Keine Frage, Hippe und Krivec haben nicht nur am Herd einen verdammt guten Geschmack. Beide hatten unterschiedliche Berufswege, bevor sie 2005 ihre Brasserie eröffneten. Hippe war 20 Jahre als Schauspieler und Sänger unterwegs, auch in der „Rocky Horror Picture Show“. Kochen lernte er bei Nicolas Polverino, dem Sohn von Picassos Haushälterin, in dessen Restaurant in Mougin, einem Dorf in der Provence. Boris Krivec, promovierter Jurist, führte eine Kanzlei. Irgendwann war der Spagat zwischen Paragraphen und Parfait nicht mehr zu schaffen, der Rechtsanwalt wechselte ganz in das Restaurant.

Auch im elften Jahr hat sich an der Leidenschaft des Duos für gute Zutaten nichts geändert. Das knusprige Forellenfilet mit Spargelrisotto und frischen Pfifferlingen ist ebenso lecker wie die Portion Lammwürstchen (Merguez) mit Pommes Frites und Salat, einem Klassiker der Bistroküche. Im Prinzip könnte man dazu noch die zweite Flasche Wein ordern, was wir aber am nächsten Tag bereuen würden. Zudem ist unser für 18 Uhr gebuchter Tisch nur bis 20:30 Uhr reserviert. Im La Provence wird in zwei Schichten serviert – Ausnahmen sollte man bei der Reservierung abstimmen.

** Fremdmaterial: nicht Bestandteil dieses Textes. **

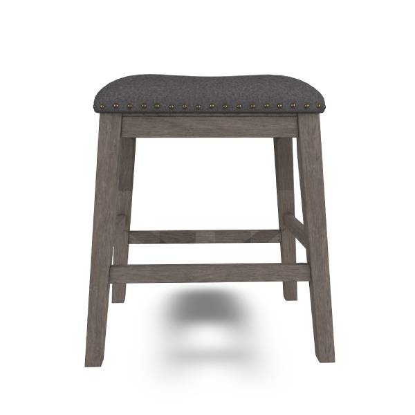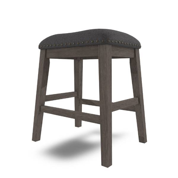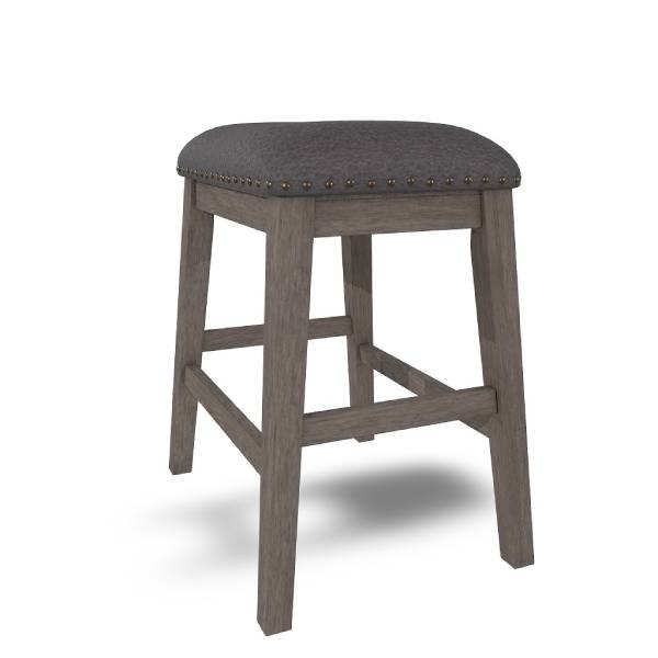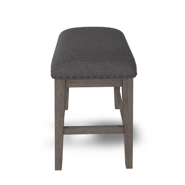 Covered in complementary textured gray fabric, the stool's cushioned seat is upholstered over foam for a comfortable seating experience. The nailhead trim adds a classic detail to the overall design.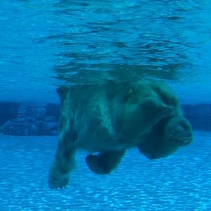 ガイドさんおすすめのシロクマのえさやりに感激。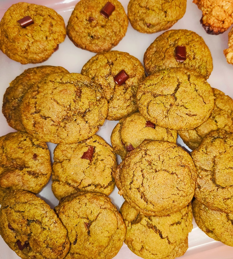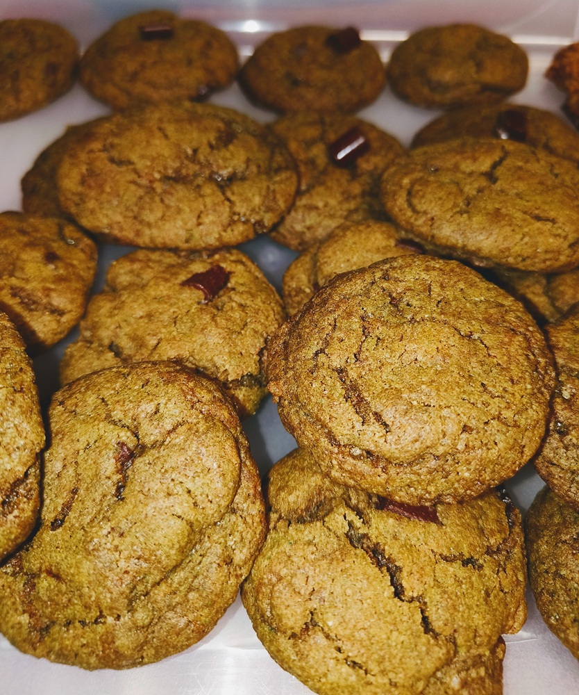The cookies were delicious because I’ve definitely stepped up my cookie game thanks to Rama vegan butter made especially for baking. They were crispy on the edges and soft and moist on the inside. I added dark chocolate chunks in a few of the cookies and holy moly, that took them to the next level!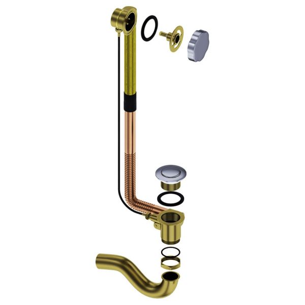 Обвязка для ванны полуавтоматическая ByonОткрытие и закрытие выпускного клапана происходит путём поворота крышки на переливе. Материал: Корпус из латуни, гофрированная труба из красной меди, выпуск и нижний клапан - хромированная латунь. Размер: между центрами 60 см, высота регулируется.Гарантия 1 год.Срок службы 25 лет.Бесплатная доставка по Москве при покупке с ванной!Новые технологии обработки внутренней части поверхности трубки позволяют понизить коэффициент трение металла до минимального для материала значения. Благодаря этому, при правильной экспуатации возникновение зассоров в ванной не происходит.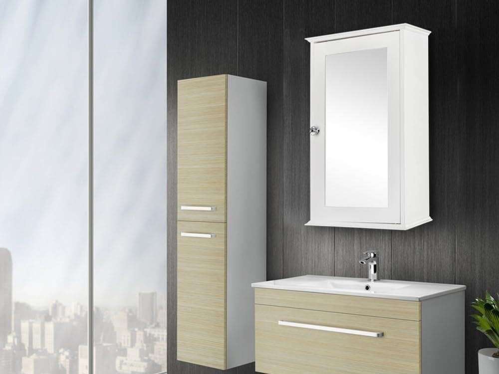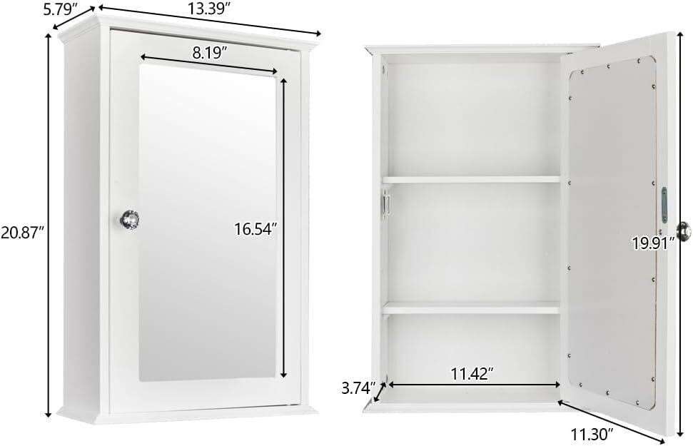 Elegant & Pratical - This cabinet/mirror combo is a good combination of functionality and simple elegance. Modern white finish offers an elegant & comfortable look to your home decor. It works well over a small, single bowl sink. Material Made of smooth, stabel and durable MDF material, with the mirrior door, magnetic lock make it easy to open and close.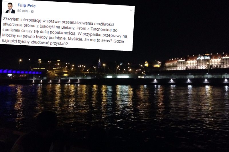 „Złożyłem interpelację w sprawie przeanalizowania możliwości utworzenia promu z Białołęki na Bielany. Prom z Tarchomina do Łomianek cieszy się dużą popularnością. W przypadku przeprawy na Młociny na pewno byłoby podobnie. Myślicie, że ma to sens? Gdzie najlepiej byłoby zbudować przystań?”.

Da die Uhr schon Richtung 20 Uhr geht, bestellen wir statt des Weins die Schokoladen-Variationen zum Teilen. Der Inhalt der Schälchen dürfte den Kalorienbedarf eines Holzfällers decken, aber bitte, wir wollen doch an einem solch schönen Abend nicht kleinlich werden. Übrigens: Bis zur Sommerpause bittet die Brasserie noch montags zu einem Menü der ganz besonderen Art. Serviert werden Klassiker aus der jungen Geschichte des Restaurants. Vorspeisen kosten 9 Euro, Hauptgänge 18 Euro, Desserts 8 Euro. Nicht die schlechteste Idee, um sich auf den Sommerurlaub einzustimmen.